◆ **Supplied records**
+++++

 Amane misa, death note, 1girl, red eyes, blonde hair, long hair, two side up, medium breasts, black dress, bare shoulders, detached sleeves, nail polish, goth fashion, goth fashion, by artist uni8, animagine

+++++

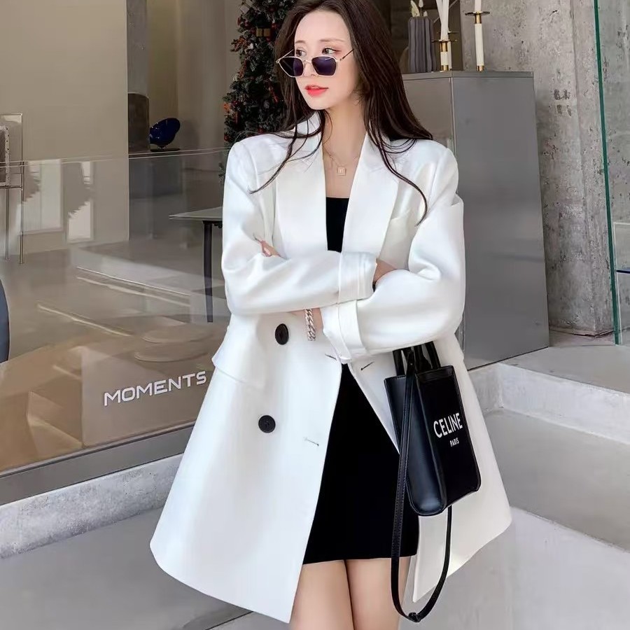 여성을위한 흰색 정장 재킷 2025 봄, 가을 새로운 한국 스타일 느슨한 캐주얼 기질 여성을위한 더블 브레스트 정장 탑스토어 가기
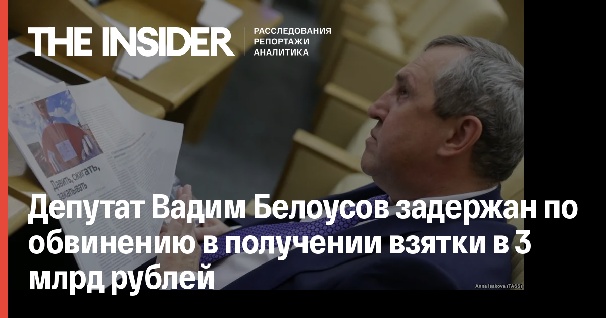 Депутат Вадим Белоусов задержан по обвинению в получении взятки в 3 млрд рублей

+++++

◆ **Problem**
Reproduce the listing above only between the lines holding "여성을위한 흰색 정장" and "Депутат Вадим Белоусов", inclusive. Every line must match exactly, and pictures are dropped.

◆ **Response box**
 여성을위한 흰색 정장 재킷 2025 봄, 가을 새로운 한국 스타일 느슨한 캐주얼 기질 여성을위한 더블 브레스트 정장 탑스토어 가기
 Депутат Вадим Белоусов задержан по обвинению в получении взятки в 3 млрд рублей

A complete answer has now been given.